Apple shows off new AI model MGIE, which can refine pictures in just one sentence

2024.02.13

According to news on February 8, compared with Microsoft’s rapid rise, Apple’s layout in the field of AI is much more low-key, but this does not mean that Apple has not made any achievements in this field. Apple recently released a new open source artificial intelligence model called "MGIE" that can edit images based on natural language instructions.

Image source: VentureBeat in collaboration with Midjourney

The full name of MGIE is MLLM-Guided Image Editing, which uses multi-modal large language model (MLLM) to interpret user instructions and perform pixel-level operations. MGIE can understand natural language commands issued by users and perform operations such as Photoshop-style modifications, global photo optimization, and local editing.

Apple and UC Santa Barbara researchers are collaborating to publish MGIE-related research results at the 2024 International Conference on Learning Representations (ICLR), one of the top conferences for artificial intelligence research.
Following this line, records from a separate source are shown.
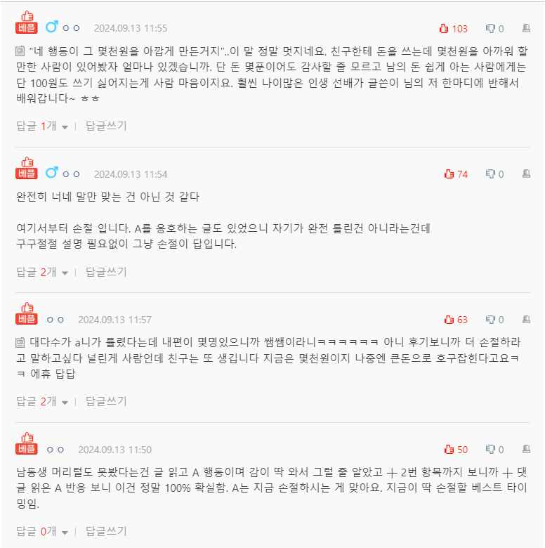 A는 처음엔 진짜로 글을 올렸냐, 진짜 올릴 줄 몰랐다고 하면서 활당해 하다가 댓글을 좀 읽어보더니 이건 생각의 차이인 것 같다고 댓글에 자기 편드는 사람도 있고, 끼리끼리라고 하는 사람도 있다고 완전히 너네 말만 맞는 건 아닌 것 같다고 하는 중이고요.
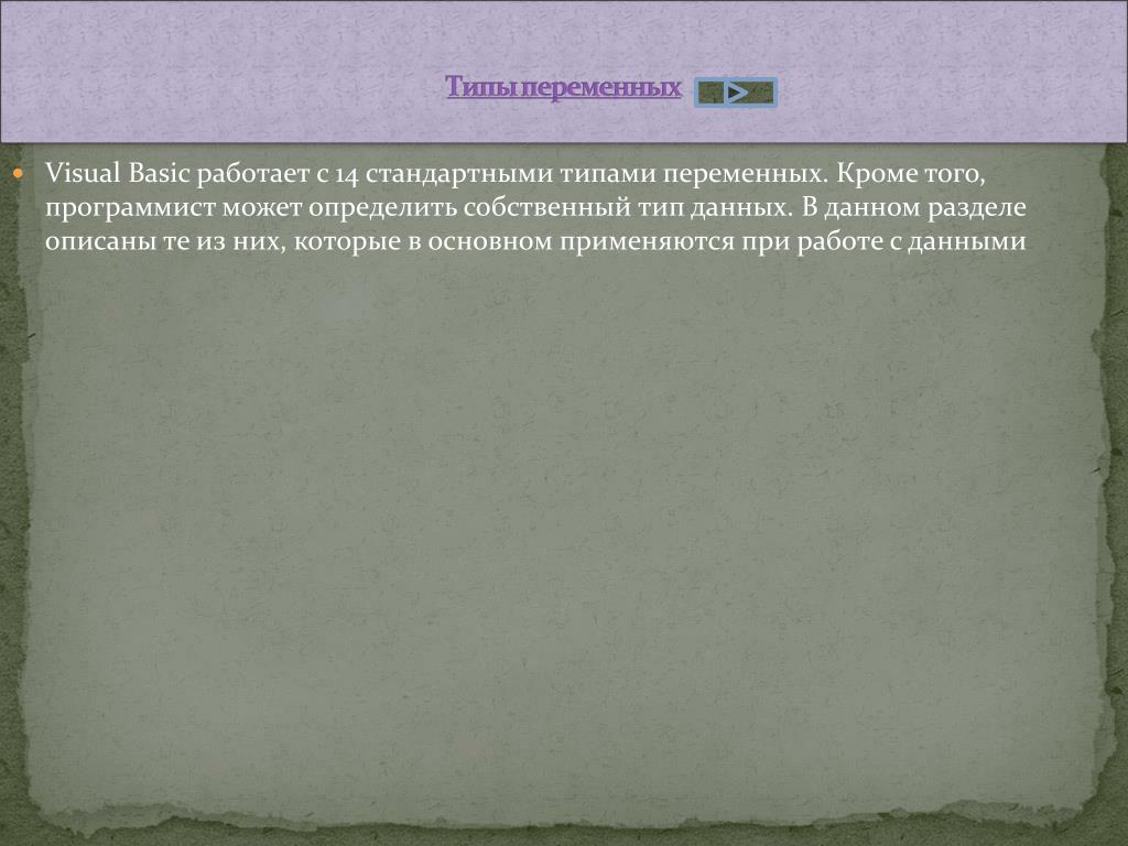 Типы переменных • Visual Basic работает с 14 стандартными типами переменных. Кроме того, программист может определить собственный тип данных. В данном разделе описаны те из них, которые в основном применяются при работе с данными
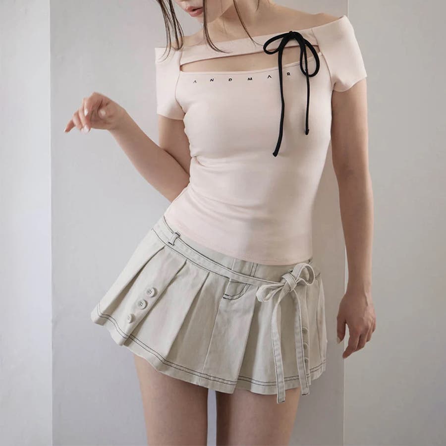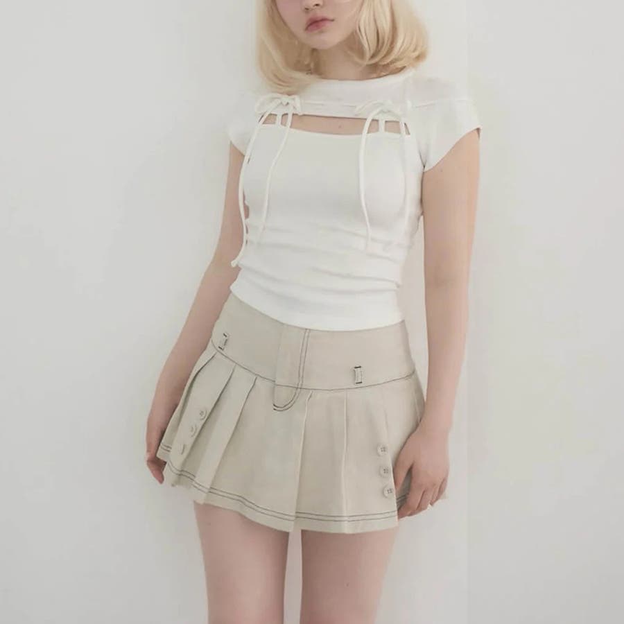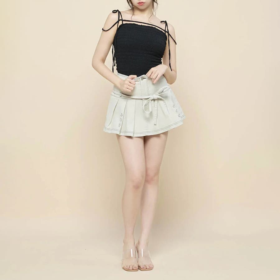 甘辛系ガールズ☆【春】ボタン&リボン プリーツ Aライン ミニスカート

Before introducing MGIE, IT House will first introduce MLLM. MLLM is a powerful artificial intelligence model that can process text and images simultaneously, thereby enhancing instruction-based image editing capabilities. MLLMs have shown excellent capabilities in cross-modal understanding and visual perceptual response generation, but have not yet been widely used in image editing tasks.
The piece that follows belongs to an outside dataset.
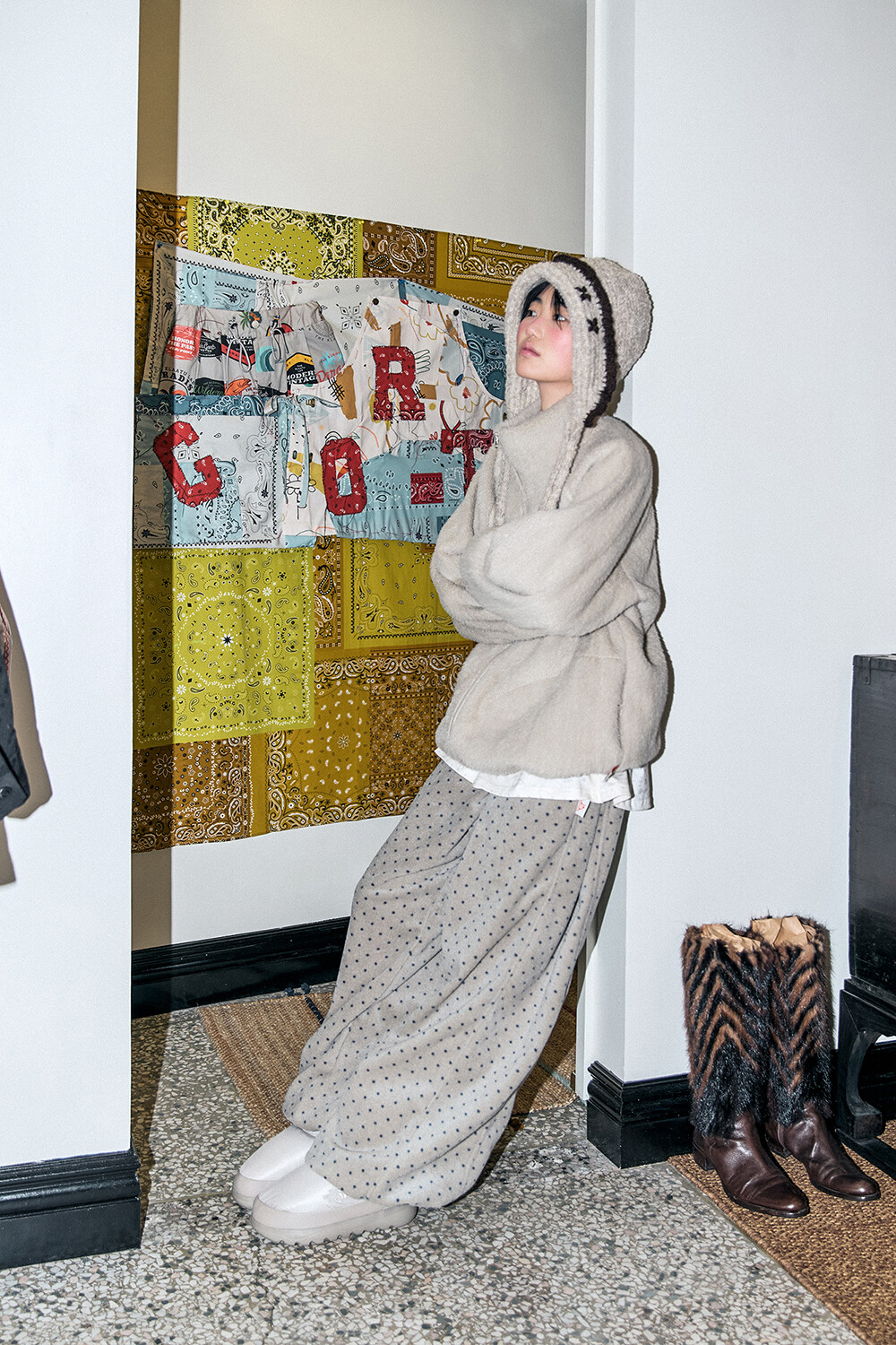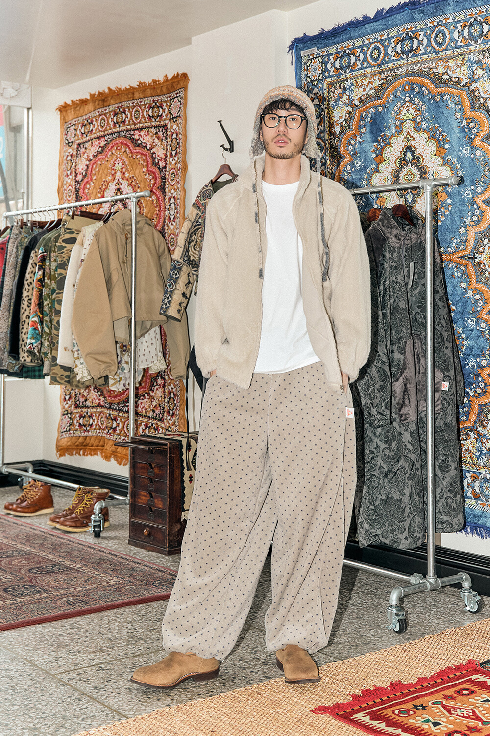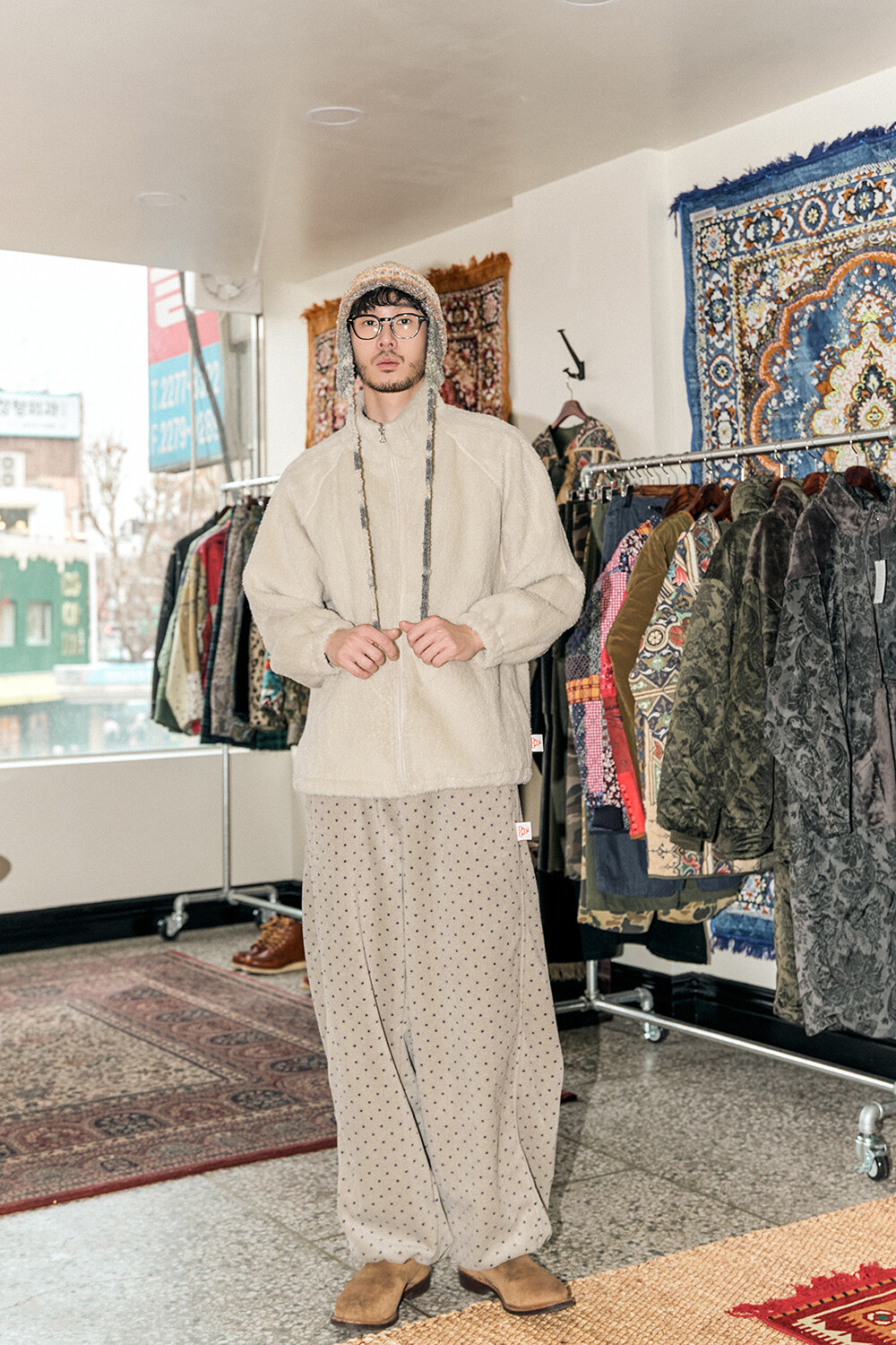 • DESCRIPTION: -UNISEX STYLE • MATERIALS: OUT(BONDED FABRIC) FRONT: POLYESTER 75%, SPAN 25% BACK: POLYESTER 100% • COLOR: BEIGE *사진은 실제 제품 색상과 약간의 차이가 있을 수 있습니다.

MGIE integrates MLLMs into the image editing process in two ways: first, it uses MLLMs to derive expressive instructions from user input. The instructions are concise and provide clear guidance for the editing process.
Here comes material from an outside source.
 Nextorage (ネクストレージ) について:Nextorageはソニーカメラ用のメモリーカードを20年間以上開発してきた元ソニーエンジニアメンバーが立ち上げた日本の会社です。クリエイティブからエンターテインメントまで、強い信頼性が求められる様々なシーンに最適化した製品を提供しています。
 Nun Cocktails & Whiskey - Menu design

For example, when inputting " make the sky bluer ", MGIE can generate the command " increase the saturation of the sky area by 20% ".

Second, it uses MLLM to generate visual imaginations, i.e., latent representations of the desired edits. This representation captures the essence of editing and can be used to guide pixel-level operations. MGIE employs a novel end-to-end training scheme that jointly optimizes instruction derivation, visual imagination, and image editing modules.

MGIE can handle a variety of editing situations, from simple color adjustments to complex object manipulation. The model can also perform global and local editing based on the user's preferences. Some of the features and functionality of MGIE include:

  • Instruction-based expression editing: MGIE can generate concise and clear instructions to effectively guide the editing process. This not only improves editing quality but also enhances the overall user experience.
  • Photoshop Style Editing: MGIE can perform common Photoshop style editing such as cropping, resizing, rotating, flipping and adding filters. The mockup can also apply more advanced edits, such as changing the background, adding or removing objects, and blending images.
  • Global Photo Optimization : MGIE can optimize the overall quality of your photos, such as brightness, contrast, sharpness, and color balance. The model can also apply artistic effects such as sketching, painting and caricature.
  • Local Editing: MGIE can edit specific areas or objects in an image, such as the face, eyes, hair, clothes, and accessories. The model can also modify the properties of these areas or objects, such as shape, size, color, texture, and style.

MGIE is an open source project on GitHub. Users can find code, data and pre-trained models here . The project also provides a demo notebook showing how to use MGIE to complete various editing tasks.